(Items from a data source)
──────────────────────────────

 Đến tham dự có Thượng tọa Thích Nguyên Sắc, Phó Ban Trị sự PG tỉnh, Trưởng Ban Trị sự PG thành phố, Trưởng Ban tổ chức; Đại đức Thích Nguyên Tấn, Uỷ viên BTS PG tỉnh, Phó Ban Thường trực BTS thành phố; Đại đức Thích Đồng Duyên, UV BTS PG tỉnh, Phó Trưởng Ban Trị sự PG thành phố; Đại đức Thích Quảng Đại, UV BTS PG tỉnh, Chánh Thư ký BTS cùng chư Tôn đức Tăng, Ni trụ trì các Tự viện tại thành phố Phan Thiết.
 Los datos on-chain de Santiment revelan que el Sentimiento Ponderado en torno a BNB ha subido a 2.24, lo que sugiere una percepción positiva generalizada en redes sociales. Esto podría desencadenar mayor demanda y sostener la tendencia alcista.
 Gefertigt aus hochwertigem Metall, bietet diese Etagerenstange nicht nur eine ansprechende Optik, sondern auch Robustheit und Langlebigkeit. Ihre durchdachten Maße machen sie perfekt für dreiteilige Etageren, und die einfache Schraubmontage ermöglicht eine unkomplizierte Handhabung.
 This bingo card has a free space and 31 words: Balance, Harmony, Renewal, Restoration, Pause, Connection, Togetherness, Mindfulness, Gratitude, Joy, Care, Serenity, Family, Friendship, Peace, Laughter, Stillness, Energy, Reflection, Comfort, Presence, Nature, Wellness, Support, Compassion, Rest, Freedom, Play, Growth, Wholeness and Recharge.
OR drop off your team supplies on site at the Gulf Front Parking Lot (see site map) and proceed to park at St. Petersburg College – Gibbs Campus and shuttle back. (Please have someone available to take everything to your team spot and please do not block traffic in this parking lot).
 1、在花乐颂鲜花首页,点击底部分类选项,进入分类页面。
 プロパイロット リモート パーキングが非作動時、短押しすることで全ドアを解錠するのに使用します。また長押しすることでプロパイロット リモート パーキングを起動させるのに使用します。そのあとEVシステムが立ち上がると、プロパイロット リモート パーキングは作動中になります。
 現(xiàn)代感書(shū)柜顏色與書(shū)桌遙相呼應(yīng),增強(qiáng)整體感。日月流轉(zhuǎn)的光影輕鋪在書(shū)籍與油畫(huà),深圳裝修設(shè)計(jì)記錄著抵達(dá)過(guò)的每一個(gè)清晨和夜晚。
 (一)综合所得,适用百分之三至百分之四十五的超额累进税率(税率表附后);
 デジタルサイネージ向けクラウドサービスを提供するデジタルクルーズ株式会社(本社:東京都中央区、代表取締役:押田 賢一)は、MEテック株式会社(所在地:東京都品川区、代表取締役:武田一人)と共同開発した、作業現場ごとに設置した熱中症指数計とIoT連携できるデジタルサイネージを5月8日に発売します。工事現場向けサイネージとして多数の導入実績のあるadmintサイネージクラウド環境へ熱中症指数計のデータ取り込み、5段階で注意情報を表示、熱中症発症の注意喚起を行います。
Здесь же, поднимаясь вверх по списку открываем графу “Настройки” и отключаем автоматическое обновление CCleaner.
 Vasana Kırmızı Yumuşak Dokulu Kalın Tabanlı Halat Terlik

──────────────────────────────

The problem
In the data above, start at the line that has "OR drop off", stop after the line that has "リモート パーキングが非作動時、短押しすることで全ドアを解錠するのに使用します。また長押しすることでプロパイロット リモート", and print every line in between exactly as it stands.

Answer to this task
OR drop off your team supplies on site at the Gulf Front Parking Lot (see site map) and proceed to park at St. Petersburg College – Gibbs Campus and shuttle back. (Please have someone available to take everything to your team spot and please do not block traffic in this parking lot).
 1、在花乐颂鲜花首页,点击底部分类选项,进入分类页面。
 プロパイロット リモート パーキングが非作動時、短押しすることで全ドアを解錠するのに使用します。また長押しすることでプロパイロット リモート パーキングを起動させるのに使用します。そのあとEVシステムが立ち上がると、プロパイロット リモート パーキングは作動中になります。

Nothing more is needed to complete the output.